I decided I couldn't withstand another major transition after this hell of a year and the clean up it required. Any new venture would be put on hold because surely my family needed me near. I was tempted to revert to my default: fixer Erika, savior Erika, hold-it-together Erika. Plus, having a chronic disease made it easy to create excuses to stay around. (it's amazing how loving and wise codependency can appear!) Truly, I was looking to live a life which required as little faith as possible. I wanted to regain control.

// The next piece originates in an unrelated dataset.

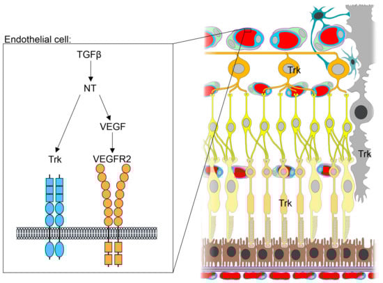 Besides the well-known role of neurotrophins in mediating growth, differentiation, and survival of neuronal and non-neuronal cells [31,42,116,117,118,119,120,122,138,200], there is emerging evidence that they contribute to the development of neovascularization in diseases such as diabetic retinopathy (DR) or age-related macular degeneration (AMD), too [11,201,202]. Neurotrophins mediate their pro-angiogenic effect either directly by binding to Trk receptors on endothelial cells or indirectly by inducing expression of VEGF in other cells (Figure 3) [12,96,100,203,204,205]. Accordingly, inhibition of VEGF via intravitreal application of bevacizumab, frequently used to inhibit neovascularization in patients suffering from (n)AMD or DR, results in a significant decrease of NGF levels in the retina [206]. Moreover, NGF treatment of choroidal endothelial cells increases their migration by 50%, indicating that neurotrophins have the capacity to modulate neoangiogenic processes as seen in DR or AMD [201,207]. Furthermore, immunohistochemical staining shows increased retinal NGF expression in a rat model of AMD-like retinopathy [11] and NT-3 and NT4/5 levels are elevated in vitreous samples of animals with experimentally induced proliferative DR [12].

Well, I guess God can't be fooled. One week after that road conversation, I "randomly" received a text from a new friend with an invitation to move near Atlanta. She and her gracious family offered me a place to stay. They said to come, to figure the rest out later. I took three days to think and pray, thrilled and doubly terrified by the possibility. Unlike most everything in 2017, this answer was obvious. Somehow, deciding to go felt like choosing how to cook your eggs in the morning—hardboiled or fried? It wasn't strenuous or complicated. On that third morning, I quit my job with my boss' support. My family gave me their enthusiastic YES! to seeing me leave and suddenly, an exit plan was in motion.

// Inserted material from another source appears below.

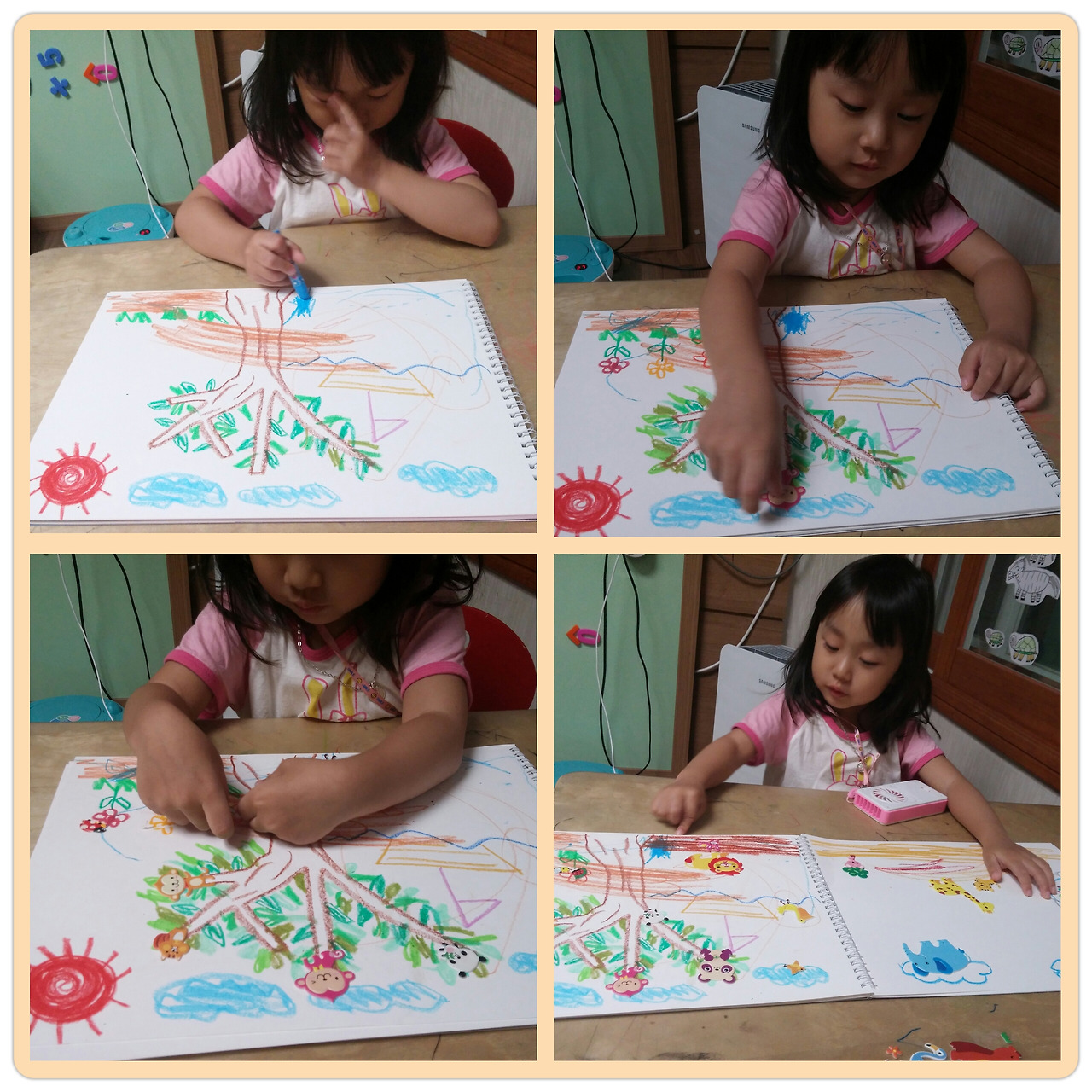 친구네 가면 나와 친구가 수다를 떠는 동안 의미없이 여기저기 붙이고 종이에 붙이고 오분이면 스티커 하나를 다 써 버릴거 같아 집에 가 엄마랑 하자고 하니 딸 아이도 좋다고 한다

In the four weeks from decision to departure, the unfolding move seemed more and more like the right thing to do. I couldn't shake the feeling that this time around, staying, for me, would be disobedience. So although I was scared of everything from driving highways to restarting in another state, I was going to do it scared and do it anyway. Connections formed quickly and provisions were supplied in a way I can only credit to a God who sees. Before I'd packed one thing, I received a free car and mechanic work, got a job 7 minutes from my future home, and was passed a handful of numbers to like-minded ministries and people I never knew existed. A few blinks later, I was saying goodbyes and Tetris-ing belongings into my Camry. 

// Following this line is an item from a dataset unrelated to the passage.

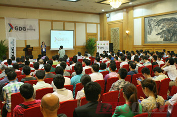 | 圖一、工作人員安排簽到 | 圖二、GDG活動現(xiàn)場盛況 |

Now, here I am, ever thankful for fuzzy socks and GPS as I settle into the fourth week of my new (and cold!) zip code. It happened just. like. that. Why the entire process went so seamlessly, I have no idea. Some might call it a lucky break. No—Georgia has been God's work of mercy and loving kindness in my life. I wasn't brought here because of a job or relationship or treatment. It wasn't the timing or even city I would've chosen for myself. I'm here because my Redeemer wouldn't let my gifts, desires, or dreams stay stashed in a trunk any longer. I'm here in Georgia as an act of faith, declaring my trust in Jesus and his ways once again. I want to rediscover the trueness of a hope that promises to not put me to shame. I'm flinging myself toward hope, toward Christ, and toward his plans for my life at the tail-end of a grueling year.

And that, my friends, is chapter 1 one of Georgia, me, and the surprising route God has put in place.